Before speaking to a gathering of Michigan pastors last night, Mike Huckabee spoke to a Spartanburg, South Carolina congregation in the morning. From the Associated Press:
Republican Mike Huckabee spoke from the pulpit Sunday, not as a politician but as the preacher he used to be, delivering a sermon on how merely being good isn’t enough to get into heaven.
….On Sunday in South Carolina, Huckabee avoided politics entirely, instead preaching about humility and trusting in Jesus to open the gates of heaven.
“The criteria to get into heaven is you have to be not good, but perfect. That’s the real challenge in it,” he said at First Baptist North Spartanburg, a megachurch with 2,500 members.
“On that day, when I pull up, I’ll be asked, ‘Do you have what it takes to get in?'” Huckabee said. “And if I ask, ‘Well, what does it take to get in?”Gotta be perfect.'”
“Well, I’m afraid I don’t have that, but you know what, I won’t be there alone that day. Somebody is going to be with me. His name is Jesus, and he’s promised that he would never leave me or forsake me,” he said.
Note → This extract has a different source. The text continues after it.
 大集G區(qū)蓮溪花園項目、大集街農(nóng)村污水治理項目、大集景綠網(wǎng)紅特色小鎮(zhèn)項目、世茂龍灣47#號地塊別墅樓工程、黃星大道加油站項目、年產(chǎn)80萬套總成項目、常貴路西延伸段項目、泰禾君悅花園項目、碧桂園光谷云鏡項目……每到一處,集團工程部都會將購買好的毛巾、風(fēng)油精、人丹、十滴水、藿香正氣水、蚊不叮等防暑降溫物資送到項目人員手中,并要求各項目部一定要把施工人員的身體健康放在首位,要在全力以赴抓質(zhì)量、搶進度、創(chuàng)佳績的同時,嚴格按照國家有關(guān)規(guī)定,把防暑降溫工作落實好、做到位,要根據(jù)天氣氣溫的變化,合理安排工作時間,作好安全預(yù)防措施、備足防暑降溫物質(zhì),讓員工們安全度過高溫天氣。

Asked by reporters later if he thinks only Christians will go to heaven, Huckabee refused to say. He often says that as a minister, he joked that he doesn’t even believe all Baptists are going to heaven.
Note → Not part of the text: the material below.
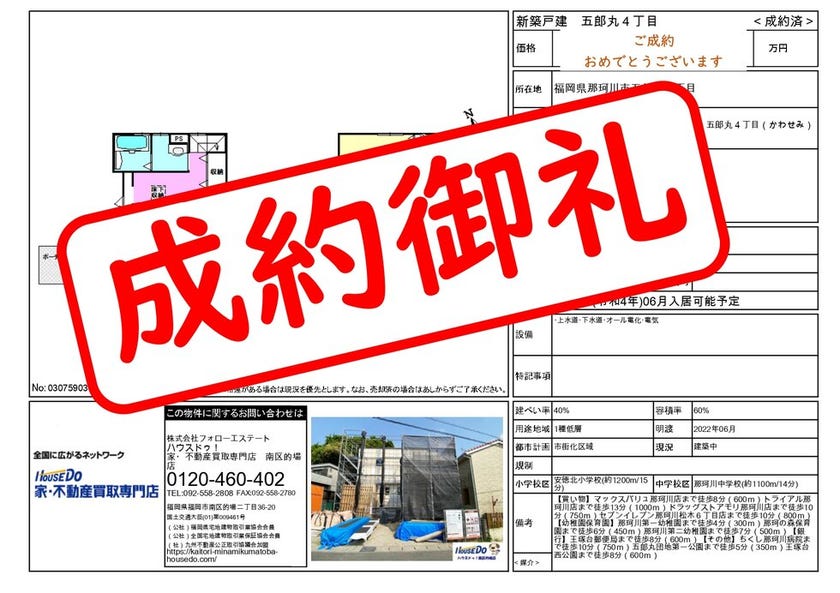 《2022年5月 成約御礼》福岡市南区・春日市・那珂川市専門...

“I’m going to stick to the things that make it critical for me to be president of the United States,” Huckabee said Sunday. “I have deep convictions about who goes and who doesn’t, but as far as who makes that decision, it isn’t me, it’s God. I’m going to leave that up to him.”
He argued that the Constitution forbids a political candidate from being subjected to a religious litmus test.
As it noted yesterday, God-o-Meter would ordinarily agree with that logic. But Huckabee’s the one implying that evangelical Christian voters should apply a religious litmus test to their candidates. Nevertheless, God-o-Meter notes that he did not say as much during yesterday’s pulpit address. Huck was speaking as a pastor, and kept politics out of it. But he doesn’t always operate that way.